• [WORK REQUEST]:
In the listing below, find the line with "in reply to" and the line with "The bright blue", then return them and every line between them exactly, minus the pictures.

• [RECORDED DATA]:
-=-=-

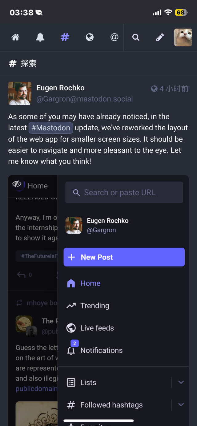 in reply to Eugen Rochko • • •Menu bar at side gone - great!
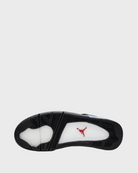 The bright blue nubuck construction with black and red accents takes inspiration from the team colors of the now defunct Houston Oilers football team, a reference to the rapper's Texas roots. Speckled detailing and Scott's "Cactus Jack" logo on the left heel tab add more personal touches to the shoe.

-=-=-

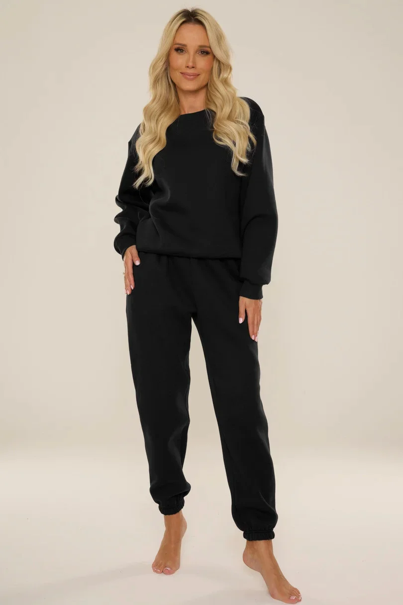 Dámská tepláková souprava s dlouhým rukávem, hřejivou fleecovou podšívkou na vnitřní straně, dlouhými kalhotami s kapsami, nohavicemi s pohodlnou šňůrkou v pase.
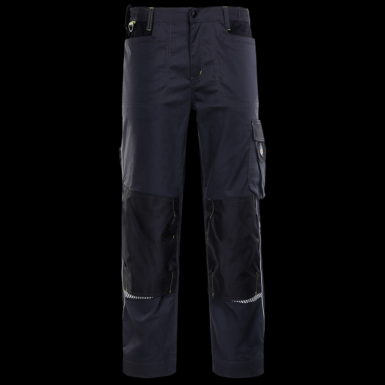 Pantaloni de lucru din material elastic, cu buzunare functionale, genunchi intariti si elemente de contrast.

-=-=-

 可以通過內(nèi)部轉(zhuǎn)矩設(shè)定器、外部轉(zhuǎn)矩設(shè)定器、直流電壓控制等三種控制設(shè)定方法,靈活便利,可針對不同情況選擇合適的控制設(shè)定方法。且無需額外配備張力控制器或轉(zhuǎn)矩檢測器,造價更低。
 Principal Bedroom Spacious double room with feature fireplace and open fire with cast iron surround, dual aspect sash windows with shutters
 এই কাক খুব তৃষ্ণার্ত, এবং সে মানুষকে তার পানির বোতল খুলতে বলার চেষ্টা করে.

-=-=-

• [SOLUTION TO THIS PROBLEM]:
 in reply to Eugen Rochko • • •Menu bar at side gone - great!
 The bright blue nubuck construction with black and red accents takes inspiration from the team colors of the now defunct Houston Oilers football team, a reference to the rapper's Texas roots. Speckled detailing and Scott's "Cactus Jack" logo on the left heel tab add more personal touches to the shoe.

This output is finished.